What is going on here?

  1. Create is basically logging users in
  2. Destroy is basically logging users out

What is redirect_back_or_default? We will get to this method in a few steps and I will explain what it does there. So hold your horses.

4. Create and setup your User model

$ script/generate scaffold user \
  login:string \
  crypted_password:string \
  password_salt:string \
  persistence_token:string \
  login_count:integer \
  last_request_at:datetime \
  last_login_at:datetime \
  current_login_at:datetime \
  last_login_ip:string \
  current_login_ip:string

Every field, below persistence_token is a "magic" field.

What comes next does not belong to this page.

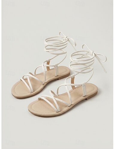 hvite flate sandaler med stropper til dame, komfortabel ferie &feriested kveldssko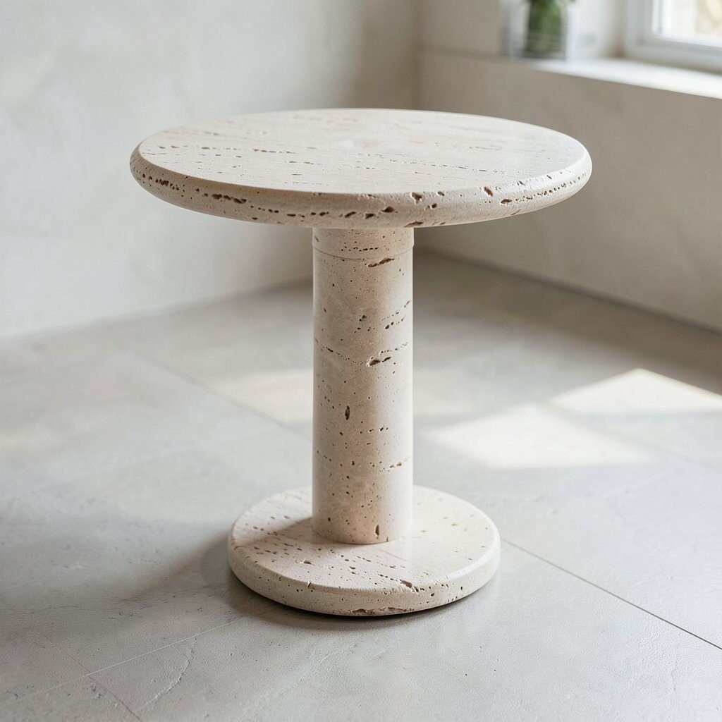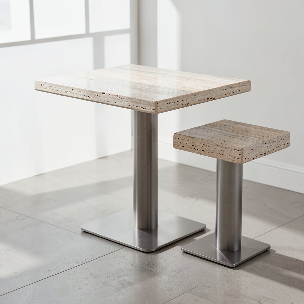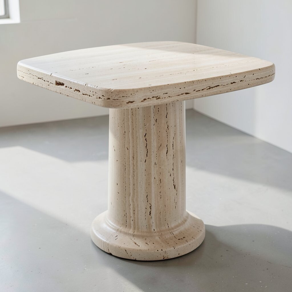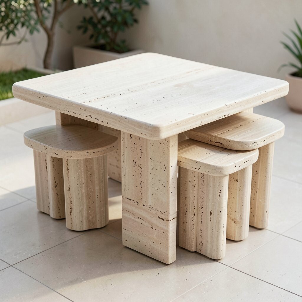 A compact travertine bistro table is ideal for small spaces. It’s perfect for a cozy breakfast nook or balcony.

Authlogic will take care of keeping these up to date for you. They are optional, so add them if you want. They work the same way as created_at and updated_at.

Another thing to keep in mind is that there are other optional token field. You can add a "singleaccesstoken" and a "perishable_token" that Authlogic will maintain for you. There are different types of access for accounts, as a result we need different types of tokens. Take resetting a password, accessing a private feed, etc. I won't repeat myself here, but for more information checkout the "tokens" section in the README. It's explained in more detail there.

Now just run your migrations

$ rake db:migrate

Make your user act as authentic:

# app/models/user.rb
class User < ActiveRecord::Base
  acts_as_authentic
end

Basically acts_as_authentic adds all of the repetitive authentication code in your model:

  1. Common validations, such as validating the login field and the password field.
  2. Password accessor methods that encrypt the password and generate salt.
  3. after_save callbacks that keep the users session up to date as their password changes.
  4. Other various convenience methods such as reset_password! and forget!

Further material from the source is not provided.